Exercise aim:
Reproduce from the records below, with no pictures, exactly the lines between the one containing "Złoty pierścionek z cyrkonią Rose Red" and the one containing "Komplet biżuterii obejmuje", inclusive.

Listed entries:
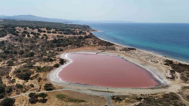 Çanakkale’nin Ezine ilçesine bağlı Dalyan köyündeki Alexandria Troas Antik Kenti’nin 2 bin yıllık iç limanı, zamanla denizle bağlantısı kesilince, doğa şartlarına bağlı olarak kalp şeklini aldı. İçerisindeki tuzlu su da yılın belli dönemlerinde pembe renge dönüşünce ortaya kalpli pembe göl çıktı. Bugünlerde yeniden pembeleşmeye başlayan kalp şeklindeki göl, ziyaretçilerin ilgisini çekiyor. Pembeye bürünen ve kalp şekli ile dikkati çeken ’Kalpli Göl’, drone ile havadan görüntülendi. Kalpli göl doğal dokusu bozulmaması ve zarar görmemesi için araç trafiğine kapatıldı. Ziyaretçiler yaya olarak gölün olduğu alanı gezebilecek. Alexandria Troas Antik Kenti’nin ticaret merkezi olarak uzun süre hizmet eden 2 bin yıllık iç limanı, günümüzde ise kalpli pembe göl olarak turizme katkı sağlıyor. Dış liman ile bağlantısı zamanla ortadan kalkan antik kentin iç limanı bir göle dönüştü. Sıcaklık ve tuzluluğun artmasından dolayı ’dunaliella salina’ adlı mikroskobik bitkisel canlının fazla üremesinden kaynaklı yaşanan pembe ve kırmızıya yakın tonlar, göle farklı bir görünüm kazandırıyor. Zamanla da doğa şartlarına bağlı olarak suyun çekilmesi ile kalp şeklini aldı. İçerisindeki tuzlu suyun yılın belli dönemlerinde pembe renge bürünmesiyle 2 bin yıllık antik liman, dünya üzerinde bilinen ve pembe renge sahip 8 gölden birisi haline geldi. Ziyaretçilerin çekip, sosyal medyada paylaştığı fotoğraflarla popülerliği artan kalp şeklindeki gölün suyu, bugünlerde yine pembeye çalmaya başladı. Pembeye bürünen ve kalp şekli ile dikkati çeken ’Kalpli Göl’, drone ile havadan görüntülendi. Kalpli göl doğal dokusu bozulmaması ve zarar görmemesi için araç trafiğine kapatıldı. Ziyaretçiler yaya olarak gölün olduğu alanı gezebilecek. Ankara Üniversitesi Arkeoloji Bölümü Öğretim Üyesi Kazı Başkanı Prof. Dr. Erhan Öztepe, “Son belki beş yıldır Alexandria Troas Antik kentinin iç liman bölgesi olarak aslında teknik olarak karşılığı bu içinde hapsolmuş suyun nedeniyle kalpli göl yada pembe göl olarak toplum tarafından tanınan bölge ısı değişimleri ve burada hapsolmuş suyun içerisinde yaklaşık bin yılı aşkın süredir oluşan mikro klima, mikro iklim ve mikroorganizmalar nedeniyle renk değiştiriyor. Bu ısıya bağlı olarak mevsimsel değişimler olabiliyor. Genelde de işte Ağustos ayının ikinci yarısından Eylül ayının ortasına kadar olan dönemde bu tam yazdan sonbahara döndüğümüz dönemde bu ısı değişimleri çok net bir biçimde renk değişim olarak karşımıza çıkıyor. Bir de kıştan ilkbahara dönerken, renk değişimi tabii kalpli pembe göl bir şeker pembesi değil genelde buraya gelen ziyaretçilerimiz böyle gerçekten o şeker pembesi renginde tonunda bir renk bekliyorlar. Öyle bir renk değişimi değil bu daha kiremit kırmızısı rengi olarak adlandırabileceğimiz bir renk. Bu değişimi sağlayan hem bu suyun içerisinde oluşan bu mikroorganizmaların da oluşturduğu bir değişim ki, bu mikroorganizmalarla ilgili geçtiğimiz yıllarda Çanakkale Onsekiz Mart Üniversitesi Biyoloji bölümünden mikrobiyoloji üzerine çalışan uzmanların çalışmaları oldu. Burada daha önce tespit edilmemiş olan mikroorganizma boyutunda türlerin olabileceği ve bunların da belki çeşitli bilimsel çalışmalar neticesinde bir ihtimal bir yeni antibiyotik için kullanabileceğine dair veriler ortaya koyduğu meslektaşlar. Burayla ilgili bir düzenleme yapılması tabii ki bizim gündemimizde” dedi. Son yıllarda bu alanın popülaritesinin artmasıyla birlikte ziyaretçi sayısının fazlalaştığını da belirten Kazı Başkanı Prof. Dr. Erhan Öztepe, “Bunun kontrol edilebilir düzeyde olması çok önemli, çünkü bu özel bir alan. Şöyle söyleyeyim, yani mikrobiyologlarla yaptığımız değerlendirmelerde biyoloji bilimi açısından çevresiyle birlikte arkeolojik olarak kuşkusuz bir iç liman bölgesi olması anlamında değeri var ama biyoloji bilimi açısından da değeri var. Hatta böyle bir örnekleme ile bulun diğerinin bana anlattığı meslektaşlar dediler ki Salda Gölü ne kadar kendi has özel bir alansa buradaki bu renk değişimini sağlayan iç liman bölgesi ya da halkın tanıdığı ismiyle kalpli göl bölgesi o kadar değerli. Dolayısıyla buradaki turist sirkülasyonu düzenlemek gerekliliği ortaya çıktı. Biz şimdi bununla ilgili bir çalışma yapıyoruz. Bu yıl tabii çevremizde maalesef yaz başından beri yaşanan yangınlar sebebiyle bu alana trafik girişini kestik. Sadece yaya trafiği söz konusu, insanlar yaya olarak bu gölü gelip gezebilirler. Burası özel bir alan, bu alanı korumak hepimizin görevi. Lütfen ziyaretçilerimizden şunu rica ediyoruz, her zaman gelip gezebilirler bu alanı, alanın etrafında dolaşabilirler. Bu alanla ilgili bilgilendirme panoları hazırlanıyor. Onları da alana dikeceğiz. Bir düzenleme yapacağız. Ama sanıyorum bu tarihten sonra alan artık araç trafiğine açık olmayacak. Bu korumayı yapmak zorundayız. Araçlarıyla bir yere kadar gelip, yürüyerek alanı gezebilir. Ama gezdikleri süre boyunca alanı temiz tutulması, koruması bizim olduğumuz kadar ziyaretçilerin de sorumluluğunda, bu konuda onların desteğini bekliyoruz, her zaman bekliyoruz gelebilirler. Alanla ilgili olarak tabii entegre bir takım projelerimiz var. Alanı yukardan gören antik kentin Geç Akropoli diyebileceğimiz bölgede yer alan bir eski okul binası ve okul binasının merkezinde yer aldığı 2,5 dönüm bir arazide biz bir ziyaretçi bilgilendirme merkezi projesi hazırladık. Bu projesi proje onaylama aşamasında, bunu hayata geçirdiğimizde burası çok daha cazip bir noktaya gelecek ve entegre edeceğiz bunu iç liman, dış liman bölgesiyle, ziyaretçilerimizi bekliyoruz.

...

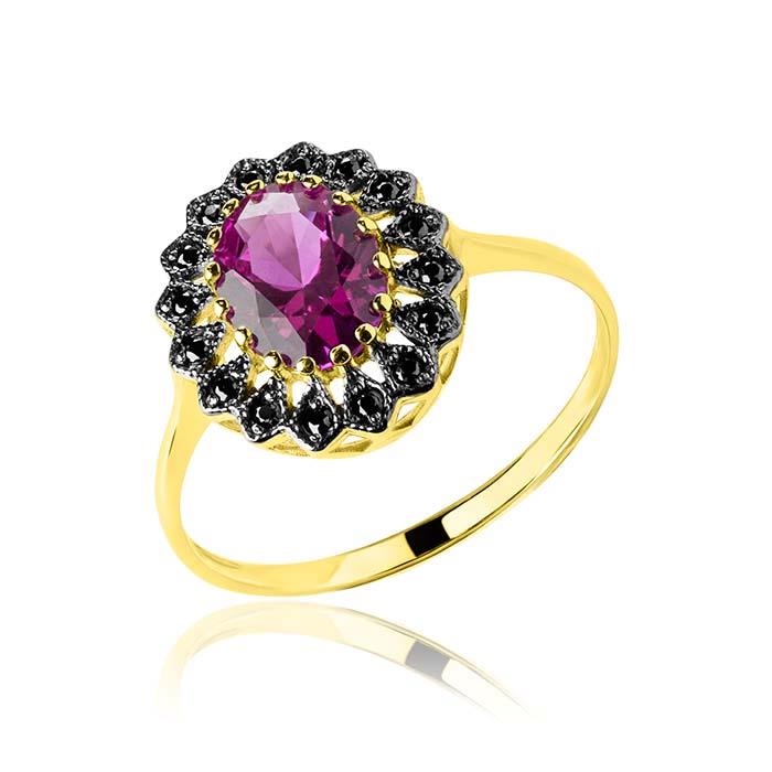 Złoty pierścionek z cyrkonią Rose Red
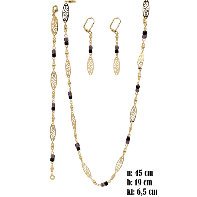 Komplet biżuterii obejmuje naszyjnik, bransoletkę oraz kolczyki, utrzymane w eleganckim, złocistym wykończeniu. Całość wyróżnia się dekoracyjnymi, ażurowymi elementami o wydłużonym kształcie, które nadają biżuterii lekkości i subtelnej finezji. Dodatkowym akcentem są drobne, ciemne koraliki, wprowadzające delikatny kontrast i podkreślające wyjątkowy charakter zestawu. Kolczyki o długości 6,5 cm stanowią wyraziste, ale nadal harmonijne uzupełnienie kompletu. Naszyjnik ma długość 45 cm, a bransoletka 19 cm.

Response to the exercise:
 Złoty pierścionek z cyrkonią Rose Red
 Komplet biżuterii obejmuje naszyjnik, bransoletkę oraz kolczyki, utrzymane w eleganckim, złocistym wykończeniu. Całość wyróżnia się dekoracyjnymi, ażurowymi elementami o wydłużonym kształcie, które nadają biżuterii lekkości i subtelnej finezji. Dodatkowym akcentem są drobne, ciemne koraliki, wprowadzające delikatny kontrast i podkreślające wyjątkowy charakter zestawu. Kolczyki o długości 6,5 cm stanowią wyraziste, ale nadal harmonijne uzupełnienie kompletu. Naszyjnik ma długość 45 cm, a bransoletka 19 cm.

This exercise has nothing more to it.